In his final high school meet, Josh followed Zach in another way. On March 3 at the 2019 NJSIAA Meet of Champions, five years after Zach took the state title in the 100-yard butterfly, Josh did the same, winning the butterfly for his first individual state title. Fong was the only male South Jersey state champion from outside of Atlantic County and is The Sun Newspapers 2019 Boys Swimmer of the Year.

“There’s nothing really like realizing you’re the state champion in an event,” Fong said. “It was extra special for me because it was my last swim representing Moorestown High School.”

Fong had been pushing to win the butterfly state title since he was a sophomore. In both 2017 and 2018, Fong made the finals of the 100-yard butterfly at MOC, but came up just short of victory with third-place finishes both times.

This year, after putting up what he felt was a slow time of 49.92 seconds in the preliminaries, Fong decided he was going to do everything he could to win the butterfly. He set his sights on the meet record of 48.68 seconds and nearly reached it. Fong’s winning time of 49.08 allowed him to win the race by nearly eight-tenths of a second over Bridgewater-Raritan High School sophomore Trent Russano.

“There wasn’t any holding back,” Fong said. “It was all out from the second I hit the water until the second my hand hit the wall.”

Not only did Fong put up a winning time in the butterfly, he also had to swim in two events earlier in the meet.

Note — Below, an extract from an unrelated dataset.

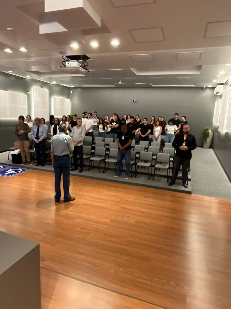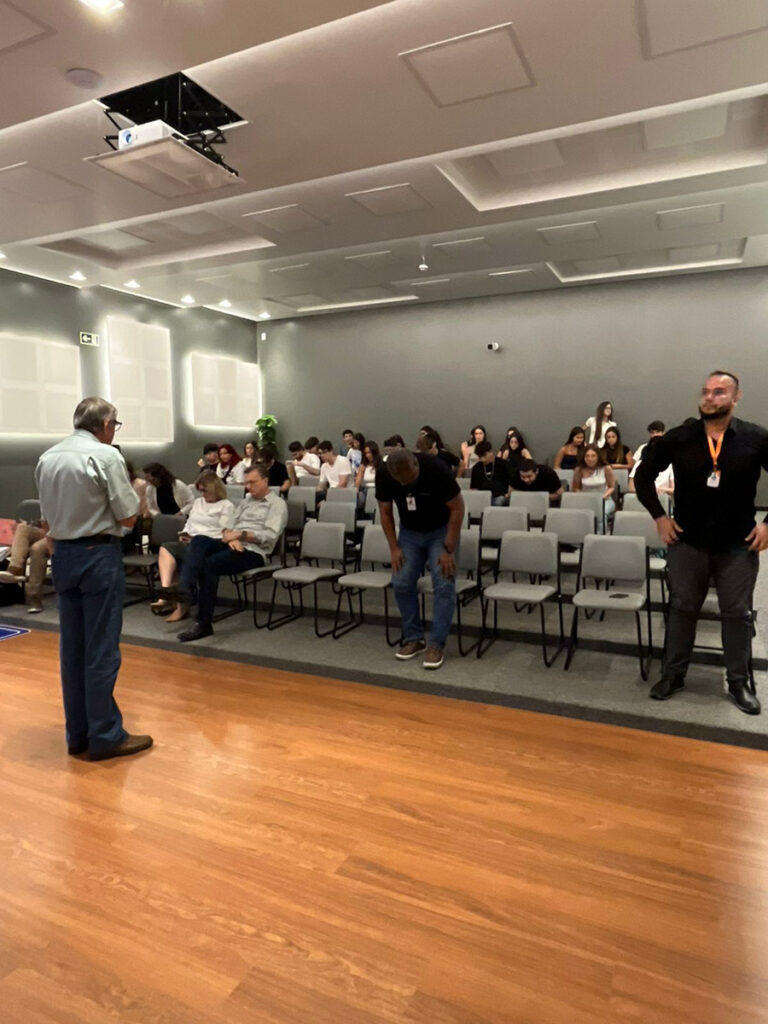 O evento foi encerrado com uma atividade de integração acadêmica liderada pelo Prof. Paulo Faustino Mariano, promovendo a união entre os novos colegas de profissão.

Fong also competed in the 200-yard individual medley, where he finished fourth, and was a part of Moorestown’s 200-yard medley relay team.

“He’s swimming basically a 200 butterfly in 45 minutes,” head coach Jeff DeNick said. “He’s swimming 50 in the 200 medley (relay), comes out, another 50 in the 200 medley and then 100 in the butterfly. That’s a lot of fly. I’ve only had one or two other guys who have wanted to do that or could do that with a high rate of success.”

Fong’s stamina and versatility were assets for Moorestown all season. DeNick didn’t use Fong in the butterfly much during the regular season due to team needs, instead moving him to other events such as freestyle or breaststroke.

“The quality of the different events he can swim was an asset for our team and was huge for us this year,” DeNick said.

Not only is Fong a state champion, but he’s busy out of the pool as well. Fong is taking five Advanced Placement classes this year as well as multi-variable calculus, a class Fong describes as “beyond AP.” Fong keeps up of his schoolwork while also practicing 20-plus hours a week with his club team, Jersey Wahoos. Even with his busy schedule, Fong still took on the role as one of Moorestown’s team captains this year. Fong said all of his experiences have him prepared for college.

“It’s been a lot of academics in addition to the athletic workload,” he said.

In the pool, Fong said competing for Moorestown taught him the importance of teamwork in swimming. He felt the team’s unity was strongest during the last meet of the playoffs, a tough 98–72 loss against the eventual Group B state champions, Mainland Regional High School.

“We swam our hearts out that meet,” Fong said. “We may have lost, but everyone was having such a good time together. Everyone was cheering, we were so loud. It showed me it’s not just about the points, because you’re not always going to have the team to win. But as long as everyone is supporting each other the entire time and you’re really getting the team experience out of the meet, that’s the most important part.”

DeNick saw how the program shaped Fong during his time at Moorestown and believes he, as well as his brother, will serve as an inspiration for the future Quaker swimmers.

“It will be the first time in a long time we don’t have a Fong on the team,” said DeNick, who has had either Zach or Josh on his team since 2012. “At the same time, it leaves an opportunity for somebody else to take over and achieve.”